I feel just like this sometimes! Especially if I am walking by someone I feel very shy around. It feels like I can't physically bend my limbs properly. I feel all out of sync and shaky. When I am incredibly anxious, I find it hard to smile or talk to people without my lips quivering, too.

Edit: my mum used to tell me that the way I walked made me stick out. She said it was easy to spot I didn't feel confident because my body was stiff and I didn't swing my arms - they were rigidly by my sides or tugging at my sleeves. Also, I would look at the ground. I made a conscious effort to walk more fluidly and these days it comes naturally unless I am anxious or about something or someone.


----------



## Joe (May 18, 2010)

i dunno if i walk odd but i feel if i do but i like the pockets on hoodies too normally i just keep my head down when im walking a bit but if i dont i get nervous about looking at people even if its unintentionally or something like that as if they will think im wierd for doing it.


----------



## purplerainx3 (Apr 28, 2010)

Yeah, this happens to me a lot. Especially, it seems, the more that I think about it, the more awkwardly I walk. I'll try to make my hands swing naturally and I end up feeling out of rhythm and not know where to look while I'm walking. This never happens when I'm alone, only when I'm around others or especially if I know someone is approaching me.


----------



## TallGuy87 (Jan 9, 2010)

I feel like this constantly, especially since I've really tried to work on having better posture with my shoulders back and chest out.


----------



## LeDiskoLove99 (Jun 7, 2010)

I'm the same way, I'm always wondering if they're thinking "God what is wrong with her? Why can't she walk like a normal human being?" So then I try to walk "normal." And I usually either make it worse for myself or end up tripping.

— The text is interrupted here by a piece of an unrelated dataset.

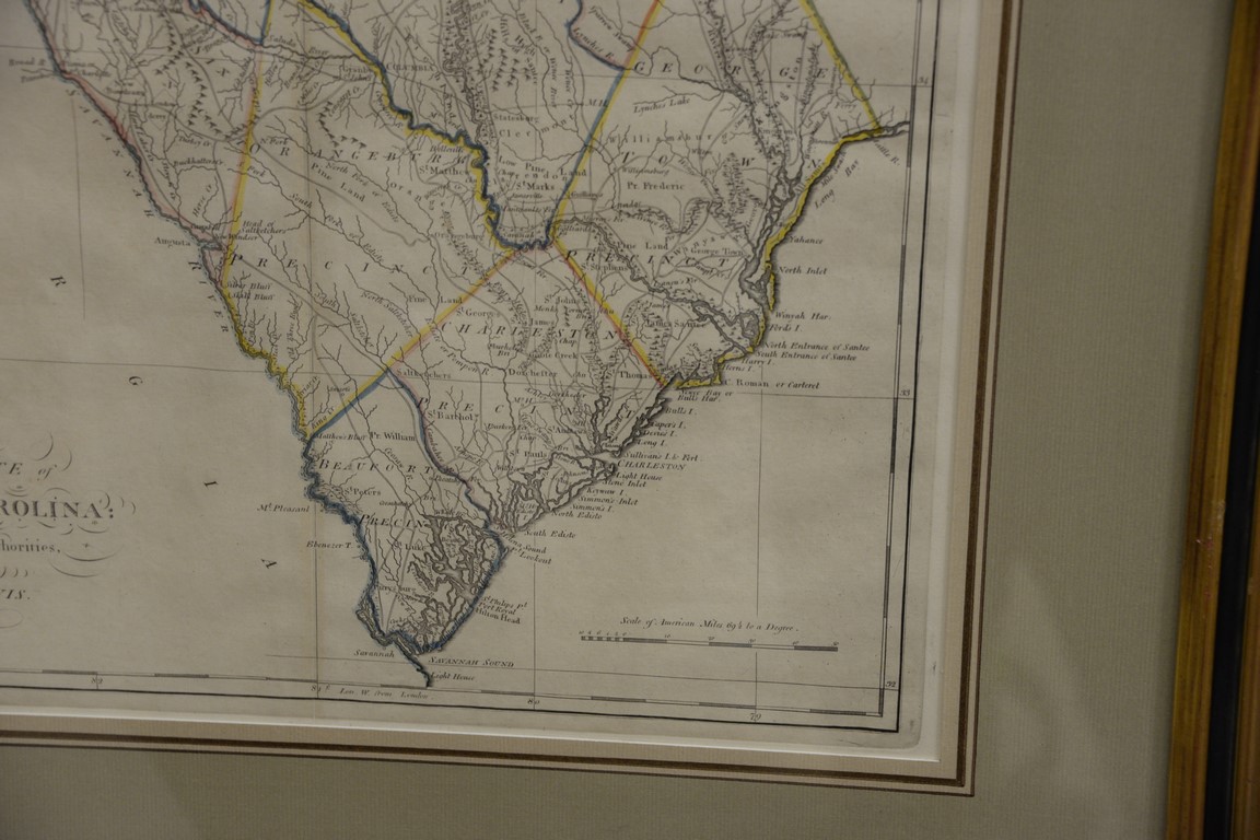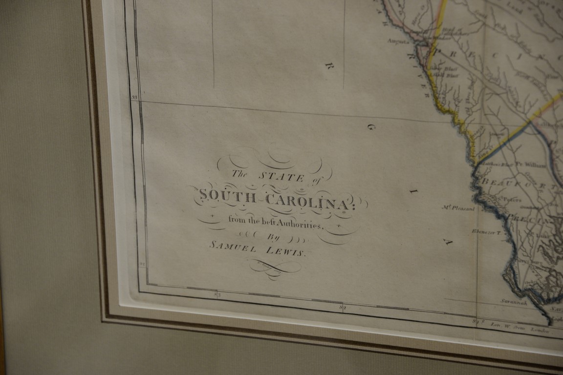 Folio engraving in colors from The State of South Carolina from the Beft Authorities by Samuel Lewis, W. Barker sculp, framed and matted, plate size 15 3/4 x 18. Property from Credit Suisse’s Americana Collection
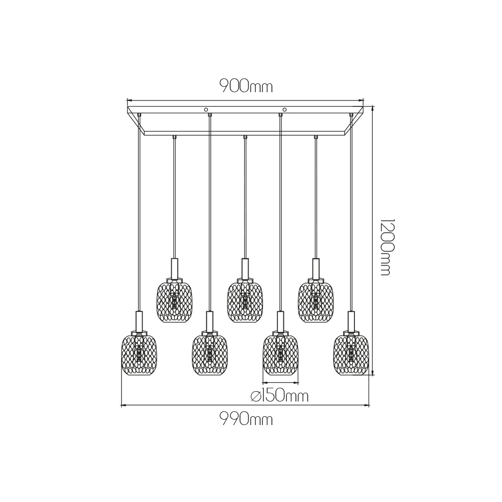 Especificaciones Lámpara colgante Astrid Beam 7xE27 Negro + 7x cristal gris ceniza Ø150mm:

I never know what to do wth my eyes or hands. If they're in the pockets I feel like a douchebag but if they're not.....I still feel like a douchebag.


----------



## Jaynie (Jun 7, 2010)

I only really feel like that when there is loud music playing or I've got my headphones with something drum heavy playing. I feel like I'm walking in rhythm (which is totally normal) but then I feel awkward about it and try to overcompensate by being out of rhythm on purpose, which I'm sure actually *does* look stupid. I'm sure it's just over-analyzing a perfectly normal situation. As usual, then.


----------



## Post_Punk_Proclivity (Oct 12, 2008)

Emptyheart said:


> Yeah, I wonder if we really are walking funny or it's just in our heads


I think the fact that it's in our heads is exactly the point, not to be missed.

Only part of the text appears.